Department of Psychology, University of Amsterdam.
J Exp Psychol Gen. 2014 Aug;143(4):1457-75. doi: 10.1037/a0036731. Epub 2014 May 26.
Replication attempts are essential to the empirical sciences. Successful replication attempts increase researchers' confidence in the presence of an effect, whereas failed replication attempts induce skepticism and doubt. However, it is often unclear to what extent a replication attempt results in success or failure. To quantify replication outcomes we propose a novel Bayesian replication test that compares the adequacy of 2 competing hypotheses. The 1st hypothesis is that of the skeptic and holds that the effect is spurious; this is the null hypothesis that postulates a zero effect size, H₀ : δ = 0. The 2nd hypothesis is that of the proponent and holds that the effect is consistent with the one found in the original study, an effect that can be quantified by a posterior distribution. Hence, the 2nd hypothesis-the replication hypothesis-is given by Hr : δ ∼ "posterior distribution from original study." The weighted-likelihood ratio between H₀ and Hr quantifies the evidence that the data provide for replication success and failure. In addition to the new test, we present several other Bayesian tests that address different but related questions concerning a replication study. These tests pertain to the independent conclusions of the separate experiments, the difference in effect size between the original experiment and the replication attempt, and the overall conclusion based on the pooled results. Together, this suite of Bayesian tests allows a relatively complete formalization of the way in which the result of a replication attempt alters our knowledge of the phenomenon at hand. The use of all Bayesian replication tests is illustrated with 3 examples from the literature. For experiments analyzed using the t test, computation of the new replication test only requires the t values and the numbers of participants from the original study and the replication study.
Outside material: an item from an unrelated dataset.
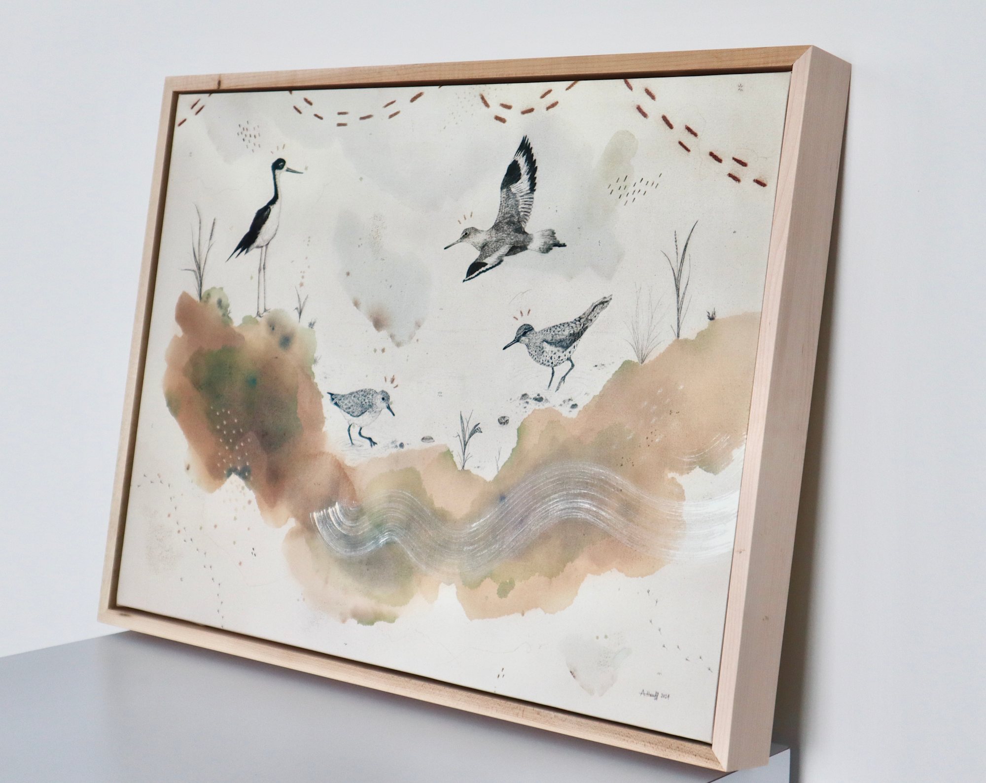 Though appearing dainty, this shorebird does well in a variety of habitats, natural or artificial. They inhabit shallow wetlands with little vegetation. When not nesting or preening, they wade in shallow waters in search of aquatic invertebrates, crustaceans, insects, snails, and tiny fish. They nest on the ground just above water, and both build the nest. Both sexes participate in incubation and chick-rearing, though males appear to accompany older chicks more often than females. The pair bond is maintained through nesting and chick rearing, but if a nest fails, stilts sometimes begin again with a different mate. Stilts nest in loose colonies and are considered semicolonial, defending individual territories (and guarding mates) but joining with other nesting stilts to drive out threats.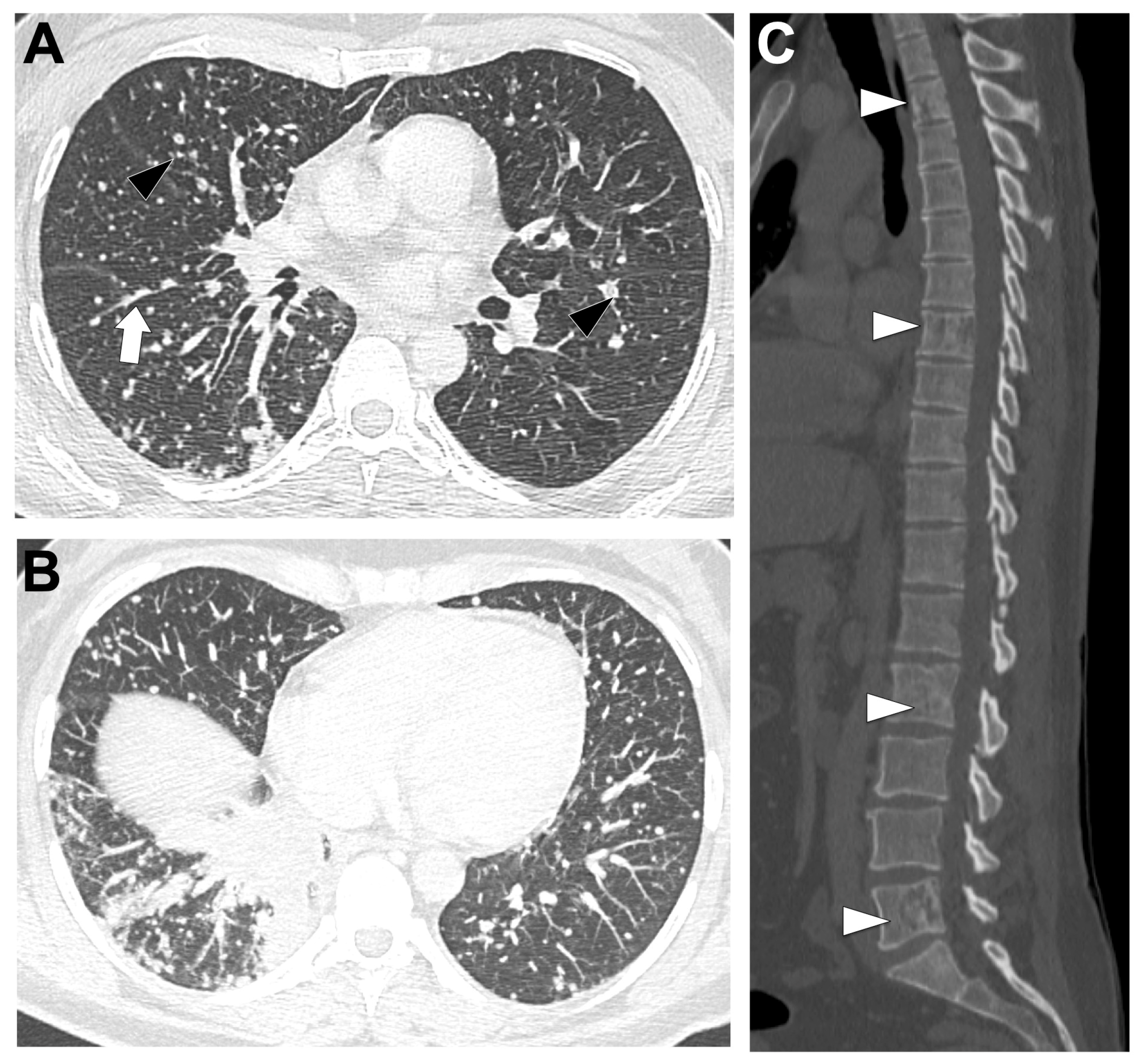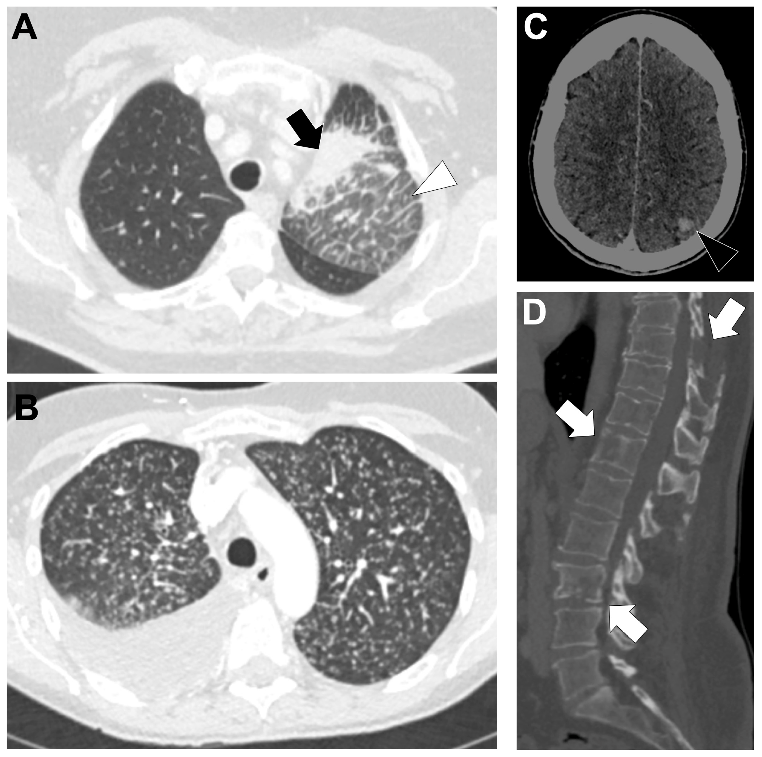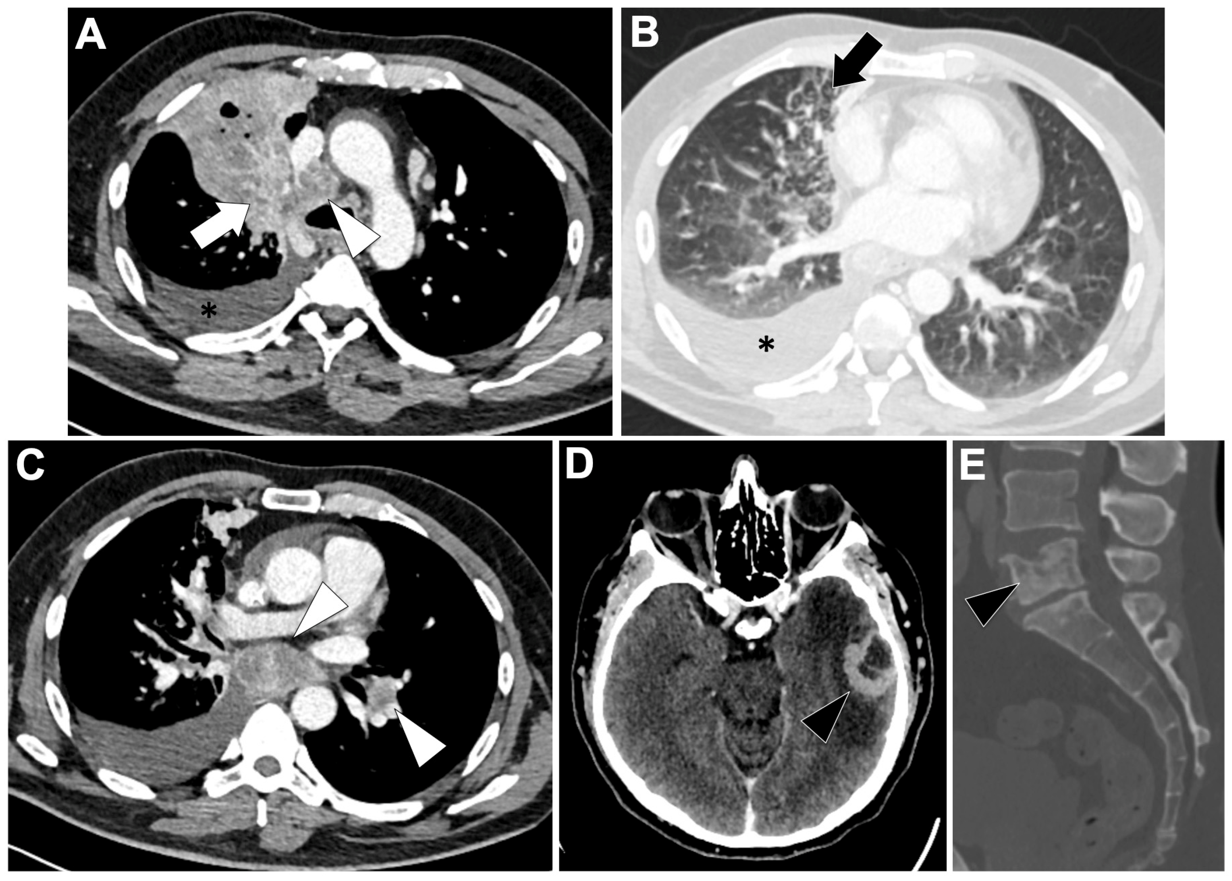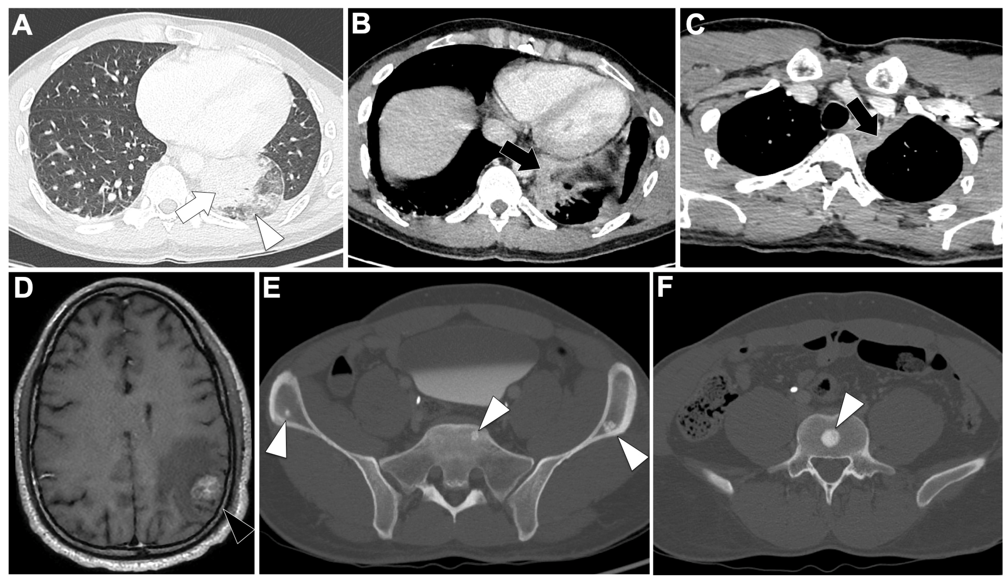 | Typical | Multiple bilateral pulmonary metastases/miliary, brain and bone metastases | Pleural metastases, lymphangitic carcinomatosis, bulky lymphadenopathy | Lung, brain, bone and adrenal metastases | Lymphangitic carcinomatosis, distant intra/extrathoracic nodal metastases, and sclerotic bone metastases | Brain, bone (possibly sclerotic), pleural, nodal and liver metastases | Bone metastases (lytic), brain and adrenal (necrotic) metastases | Heterogeneous patterns depending on alteration classes | Lymph node, brain, bone and lung metastases (multiple nodules, miliary) | Lymph nodes, bone, pleural, pulmonary and brain metastases |

复制尝试对于经验科学至关重要。成功的复制尝试会增加研究人员对存在效应的信心,而失败的复制尝试则会引起怀疑和质疑。然而,通常不清楚复制尝试在多大程度上取得成功或失败。为了量化复制结果,我们提出了一种新的贝叶斯复制检验方法,该方法比较了两个竞争假设的充分性。第一个假设是怀疑论者的假设,认为效应是虚假的;这是零效应大小的零假设,H₀:δ=0。第二个假设是支持者的假设,认为效应与原始研究中发现的效应一致,该效应可以通过后验分布来量化。因此,第二个假设——复制假设——由 Hr:δ∼“原始研究的后验分布”给出。H₀和 Hr 之间的加权似然比量化了数据为复制成功和失败提供的证据。除了新的检验方法,我们还提出了其他几种贝叶斯检验方法,这些方法解决了与复制研究相关的不同但相关的问题。这些检验方法涉及到独立实验的独立结论、原始实验和复制尝试之间的效应大小差异,以及基于汇总结果的总体结论。这一系列贝叶斯检验方法一起允许相对完整地形式化复制尝试的结果如何改变我们对当前现象的认识。使用三个来自文献的例子说明了所有贝叶斯复制检验的用法。对于使用 t 检验进行分析的实验,新复制检验的计算仅需要原始研究和复制研究的 t 值和参与者数量。